When it comes to drinking herbal tea during pregnancy, it's best to be cautious. While many types of herbal tea may be safe, herbs are not regulated by the Food and Drug Administration, so there's no way of knowing exactly which herbs -- or how much of those herbs -- may be sitting in your steeping tea bag. Some herbs can have medicinal properties that can be dangerous for you and your baby, especially in high doses.
Your best bet is to stick to teas from well-known brands and read the label to check for warnings for pregnant women (also, just because a product is labeled "pregnancy tea" doesn't mean it's automatically safe). You should also avoid any teas that claim to have specific medicinal benefits, since those are often more highly concentrated than teas with herbs used just for flavor.
But as a general rule, the following types of teas can be enjoyed in moderation (about a cup a day):
• Peppermint or mint leaf: Great for alleviating morning sickness, heartburn, and gas.
• Ginger: Used for easing morning sickness, especially if you're throwing up.
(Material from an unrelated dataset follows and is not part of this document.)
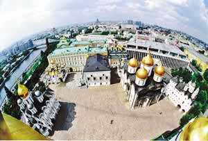 攝像機(jī)在克里姆林宮上空俯拍這一事實(shí)本身就非同尋常。盡管克里姆林宮也對(duì)外開(kāi)放,但游客們只能自由進(jìn)入兵器館、國(guó)立克里姆林宮、教堂廣場(chǎng)、教堂博物館,觀看“炮王”等景點(diǎn),其他地方不能接近,更不允許攜帶攝像設(shè)備。
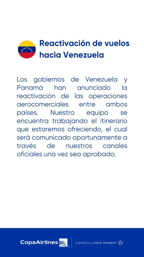 «Los gobiernos de Venezuela y Panamá han anunciado la reactivación de las operaciones aerocomerciales entre ambos países», indicó Copa Airlines en su comunicado.

• Chamomile: Helps soothe you to sleep and aids in digestion. Recently, however, chamomile has come under fire for possibly causing contractions, so it's a good idea to discuss any concerns you have with your doctor. Most doctors say sipping a cup of chamomile tea is safe, but you should avoid the herb in its more potent medicinal form, especially if you're allergic to ragweed, since chamomile can trigger a similar reaction.
Here are some herbs that you should not consume while you're expecting. These include, but aren't limited to:
• Blue cohosh, licorice, ginseng, goldenseal, and feverfew: These can cause contractions or bleeding.
• St. John's Wort: Used to boost moods and treat depression, this herb may have an impact on a baby's developing nervous system (although this has not been well-studied).
• Dandelion: Sometimes used to ease swelling, this herb is also rich in vitamin A, which has been linked to birth defects in large amounts.
• Juniper berry: This can irritate a sensitive stomach.
• Alfalfa: This contains vitamin K, which can lead to dangerous blood clots in pregnant women.
Since recommendations for what's safe change all the time, check out a reputable Web site like that of the National Center for Complementary and Alternative Medicine to find out information on the safety of specific herbs. If you're concerned about whether or not your favorite herbal tea is still safe now that you're pregnant, you should also let your doctor know and get his or her approval before you sip.